Когда Андрей вернулся домой, Кувалда в кухне допивала вторую бутылку водки.

– Значит, счастлив, – отчетливо проговорила она, не поворачиваясь к Фотографу. – И любишь. И хочешь, значит, чтоб всегда так было…

Он с изумлением уставился на нее.

– А если хочешь, чтоб – всегда, – тягуче продолжала Кувалда, – больше с нею никогда не встречайся. Никогда. – Она наконец посмотрела на оторопевшего Андрея и с беззлобной усмешкой повторила: – Никогда. Живем-то всего дважды.

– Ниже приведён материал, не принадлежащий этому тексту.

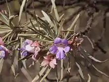 | Eremophila phyllopda subsp. obliqua leaves and flowers | |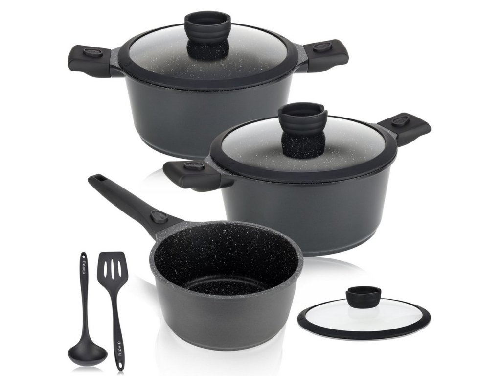 Divory sada hrnců s odnímatelnými uchy - 8dílná pro všestranné vaření: Objevte vysoce kvalitní a praktickou sadu hrnců Divory, která přináší revoluci do vaší kuchyně. Tato 8dílná sada obsahuje rendlík o průměru 18 cm, hrnec o průměru 20 cm a hrnec o průměru 24 cm, vše vyrobeno z odolného hliníku. Klíčovou vlastností těchto hrnců jsou odnímatelná držadla, která usnadňují manipulaci, skladování a čištění.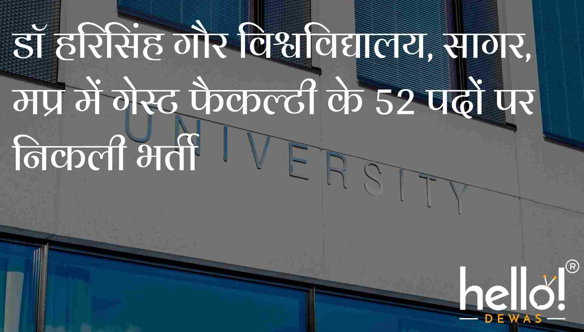 मध्य प्रदेश के सागर में स्थित डॉ हरिसिंह गौर विश्वविद्यालय ने गेस्ट फैकल्टी पदों पर भर्ती के लिए आवेदन मांगे है।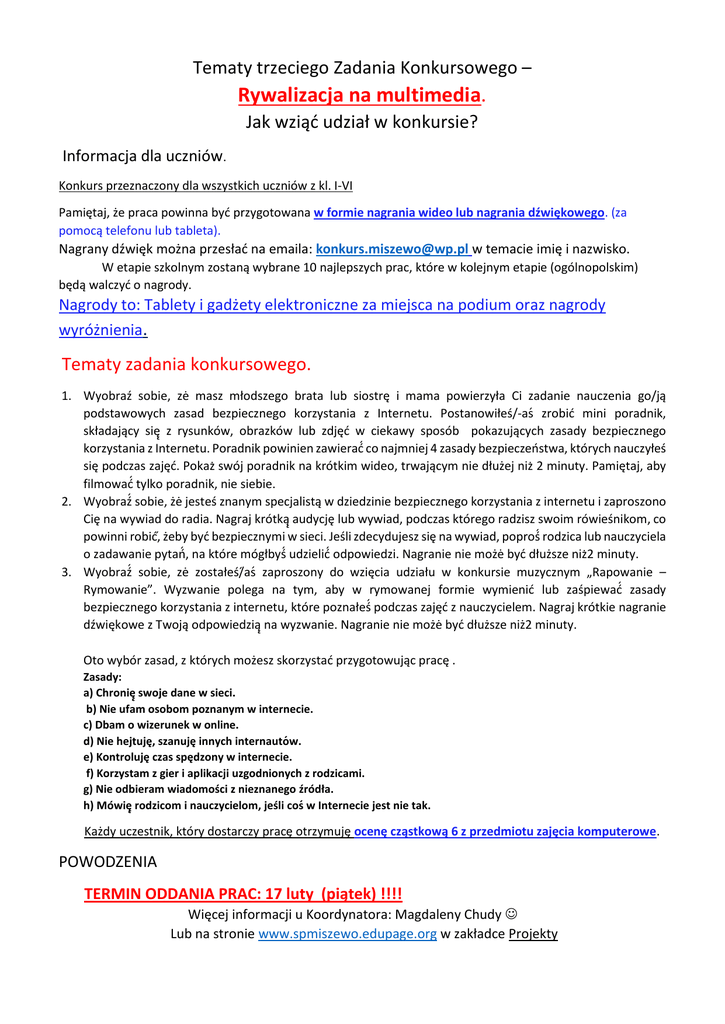 Tematy trzeciego Zadania Konkursowego – Rywalizacja na multimedia. Jak wziąć udział w konkursie? Informacja dla uczniów. Konkurs przeznaczony dla wszystkich uczniów z kl. I-VI Pamiętaj, że praca powinna być przygotowana w formie nagrania wideo lub nagrania dźwiękowego. (za pomocą telefonu lub tableta). Nagrany dźwięk można przesłać na emaila: [email protected] w temacie imię i nazwisko. W etapie szkolnym zostaną wybrane 10 najlepszych prac, które w kolejnym etapie (ogólnopolskim) będą walczyć o nagrody. Nagrody to: Tablety i gadżety elektroniczne za miejsca na podium oraz nagrody wyróżnienia. Tematy zadania konkursowego. 1. Wyobraź sobie, zė masz młodszego brata lub siostrę i mama powierzyła Ci zadanie nauczenia go/ją podstawowych zasad bezpiecznego korzystania z Internetu. Postanowiłeś/-aś zrobić mini poradnik, składający się ̨ z rysunków, obrazków lub zdjęć w ciekawy sposób pokazujących zasady bezpiecznego korzystania z Internetu. Poradnik powinien zawierać ́ co najmniej 4 zasady bezpieczeństwa, których nauczyłeś się podczas zajęć. Pokaż swój poradnik na krótkim wideo, trwającym nie dłużej niż 2 minuty. Pamiętaj, aby filmować ́ tylko poradnik, nie siebie. 2. Wyobraź ́ sobie, żė jesteś znanym specjalistą w dziedzinie bezpiecznego korzystania z internetu i zaproszono Cię na wywiad do radia. Nagraj krótką ̨ audycję lub wywiad, podczas którego radzisz swoim rówieśnikom, co powinni robić,́ żeby być bezpiecznymi w sieci. Jeśli zdecydujesz się na wywiad, poproś ́ rodzica lub nauczyciela o zadawanie pytań́, na które mógłbyś ́ udzielić ́ odpowiedzi. Nagranie nie możė być dłuższe niż2 minuty. 3. Wyobraź ́ sobie, zė zostałeś/́aś zaproszony do wzięcia udziału w konkursie muzycznym „Rapowanie – Rymowanie”. Wyzwanie polega na tym, aby w rymowanej formie wymienić lub zaśpiewać ́ zasady bezpiecznego korzystania z internetu, które poznałeś ́ podczas zajęć z nauczycielem. Nagraj krótkie nagranie dźwiękowe z Twoją odpowiedzią ̨ na wyzwanie. Nagranie nie możė być dłuższe niż2 minuty. Oto wybór zasad, z których możesz skorzystać przygotowując pracę . Zasady: a) Chronię ̨ swoje dane w sieci. b) Nie ufam osobom poznanym w internecie. c) Dbam o wizerunek w online. d) Nie hejtuję, szanuję innych internautó w. e) Kontroluję czas spędzony w internecie. f) Korzystam z gier i aplikacji uzgodnionych z rodzicami. g) Nie odbieram wiadomości z nieznanego źródła. h) Mówię ̨ rodzicom i nauczycielom, jeśli coś w Internecie jest nie tak. Każdy uczestnik, który dostarczy pracę otrzymuję ocenę cząstkową 6 z przedmiotu zajęcia komputerowe. POWODZENIA TERMIN ODDANIA PRAC: 17 luty (piątek) !!!! Więcej informacji u Koordynatora: Magdaleny Chudy Lub na stronie www.spmiszewo.edupage.org w zakładce Projekty

– Дважды? – тупо переспросил Андрей.

– Всяк просит Господа перед смертью о второй жизни, точно зная, что вот уж она-то и будет настоящей, и успевая прожить ее в предсмертном хрипе, стоне и блеве. Так сделай это сейчас, чтоб не жалеть потом. Проживи по-настоящему. И тогда-то у тебя не будет ничего и никого, кроме нее. Не по силе? Мало кому по силе.

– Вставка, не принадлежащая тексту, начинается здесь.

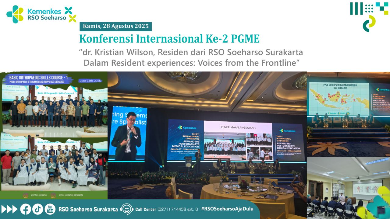 Jakarta – [Hotel Raffles Jakarta, 27-28 Agustus 2025] – Hari Ke-2 dari acara Konferensi Internasional ke-2 tentang Kemajuan Pendidikan Kedokteran Pascasarjana (PGME), tanggal 28 Agustus 2025 perwakilan residen berbasis rumah sakit (dokter residen yang bertugas di rumah sakit) dari RSO Soeharso dr Kristian Wilson menyampaikan berbagi pengalaman dalam menjalani pendidikan spesialis, tantangan sebagai tenaga medis menjadi garis depan dalam pelayanan pasien.
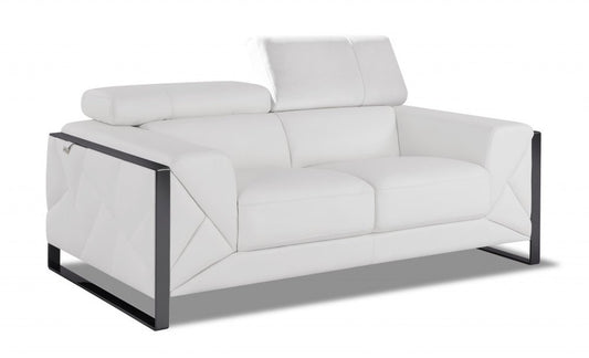75" White And Black Italian Leather Loveseat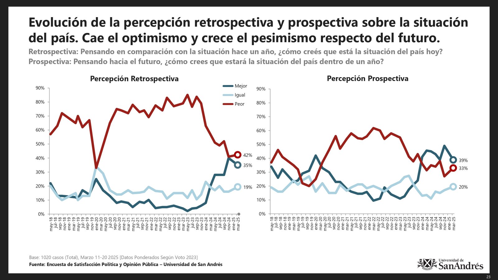 También cayeron las expectativas a futuro, aunque siguen dominando los optimistas con 39% contra 33 de los pesimistas.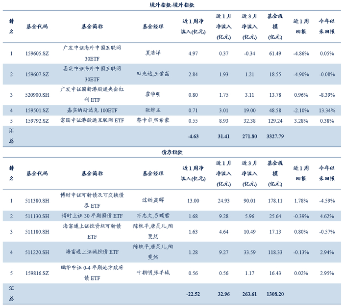 债券ETF方面,本周资金净流出22.52亿元,规模达到1308.2亿元。其中,净流入较多的产品为博时中证可转债及可交换债券ETF、博时上证30年期国债ETF,净流入金额分别为13.00亿元、1.68亿元。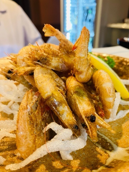 お通しは、海老アボカドと極厚椎茸フライの贅沢仕様(≧∀≦)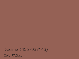 Decimal 4567937143 Color is a normal red color and the nearest color is Au Chico #97605d. Hex code #956155 and RGB value is rgb(149,97,85). In RGB color space, this color is composed of 58% red, 38% green, 33% blue, In CMYK color space, this color is composed of 0% cyan, 35% magenta, 43% yellow , 42% black , In HSL color space, this color has a hue angle of 11° , 27% saturation and 46% lightness.

– Три минуты, – глухо пробормотал Андрей.

– Чего?

– Да я про жизнь, – сказал он, поднимая налитый Кувалдой стакан. – Неинтересно.

Эту историю Андрей Фотограф рассказал мне двадцать шесть лет спустя, когда мы пили пиво в Красной столовой. Он был известным в городке человеком, прославившимся тем, что делал блистательно лаконичные и трогательные надписи на надгробиях и обручальных кольцах (пятерка за строку прозы, десятка – за стихотворную).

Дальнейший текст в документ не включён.